Froch's Winning Strategy: Keep Moving, But Don't Be Afraid to Make It Ugly
The Ward fight showed that for all of Kessler's skill and power, he is very limited in terms of his lateral movement. Froch is a better athlete than some give him credit for, so it's quite possible he'll have learned a few things from that fight that he can use.
But Froch isn't Ward, and Kessler is well-schooled in boxing fundamentals. The Cobra handled himself just fine when Dirrell made things rough (some would say dirty) on the inside, so he shouldn't hesitate to make it that kind of fight when Kessler does track him down.
The mental aspect of the fight suggests another reason for Froch to make it an ugly fight.
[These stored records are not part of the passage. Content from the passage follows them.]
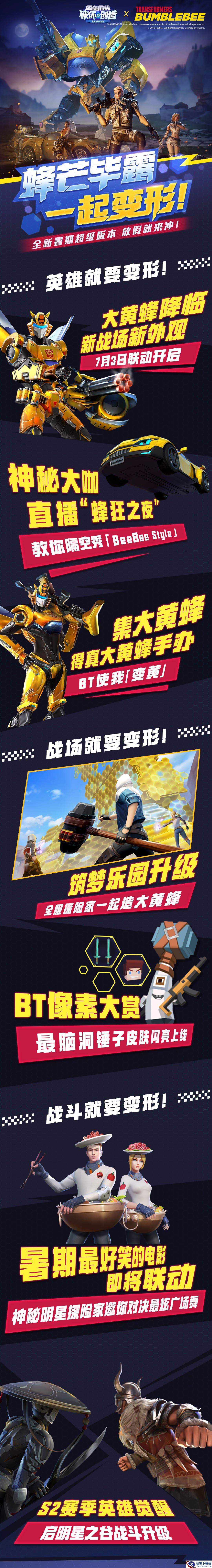 在7月3日上线的暑期超级版本中,大黄蜂限时模式将圆不少探险家的超级英雄梦!探险家们可以在单排模式中积累火种源,化身成全场唯一一位大黄蜂汽车人,以一己之力制霸百人场!而变身大黄蜂的探险家被击败后,将原地留下火种源,拾取火种源的探险家将继续变身为全新大黄蜂。在轮番火种源争夺中,人人都有机会变身超级英雄!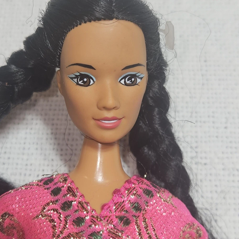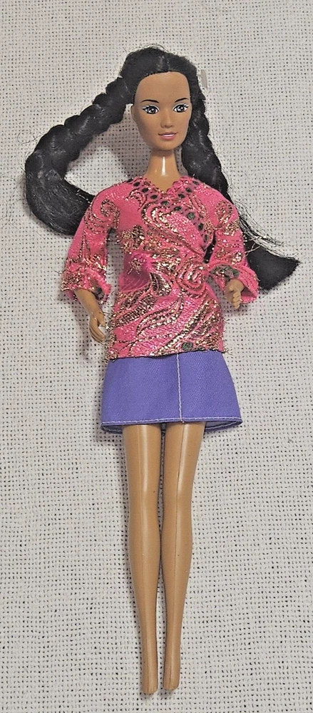 This Kid Kore doll is a rare find for collectors and enthusiasts alike. With its medium dark complexion, straight black hair, and brown eyes, this 12 inch girl doll is a perfect representation of Native American culture. The doll comes with three removable clothes and features a hard plastic, cloth, plastic, and rubber material. It was manufactured in China in 1994 and is an original Kid Kore product. The doll is part of the Kid Kore series and is perfect for all occasions. It is a single unit and is sold without packaging. This Native American doll is not a Barbie and is a great addition to any collection.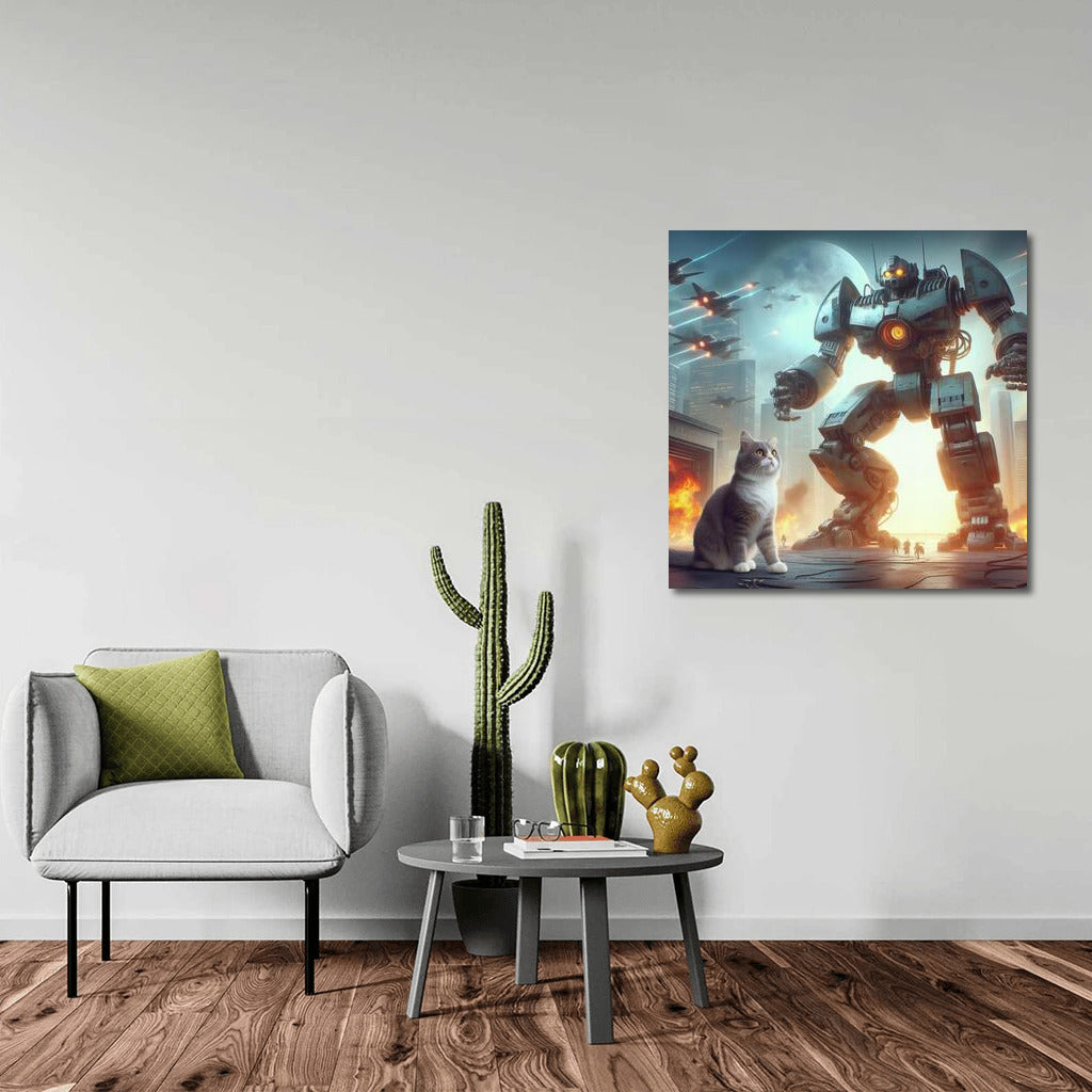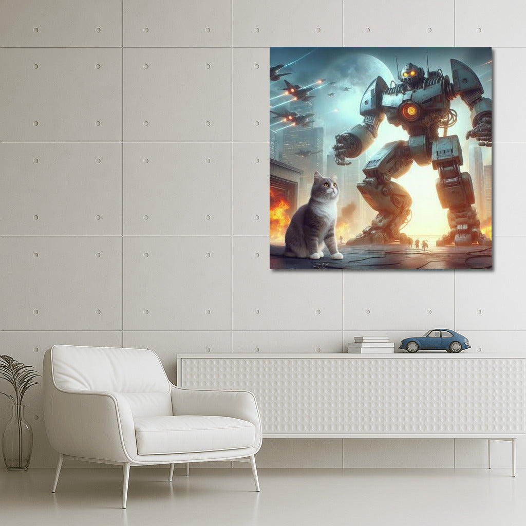 A cat controls a giant robot to protect the city from aliens. This poster is the perfect wall art for sci-fi fans! See more from the collection: Animals Art

Carl is one of the most self-confident boxers around, and he's not likely to panic if the fight doesn't go according to plan.
No one knows if Kessler can say the same. There aren't any style points in boxing, and Froch not only understands that fact, he can thrive on it.
Kessler's Winning Strategy: Have a Short Memory
Many observers had Kessler as no worse than co-favorite to win it all when the Super Six began. His reputation took a bit of a hit against Ward, and now the most important thing he can do is focus on what he does well instead of going crazy trying to make changes.
Kessler's strengths are body punches and uppercuts, both of which are set up by an above-average jab. Froch can move a bit, but Kessler should be able to track him down often enough to let his hands go on some combinations.
It's more likely that Kessler just ran into a boxer whose physical gifts and fighting style proved to be the wrong combination for him than it is that he was somehow "exposed" by Ward.
He has more experience than Froch and gave a prime Joe Calzaghe a difficult night less than three years ago.
The Viking Warrior needs to recall more of what he did to rack up 42 career victories than the way he floundered last time out. If he can do that, he has an excellent chance to bounce back and hand Froch his first loss.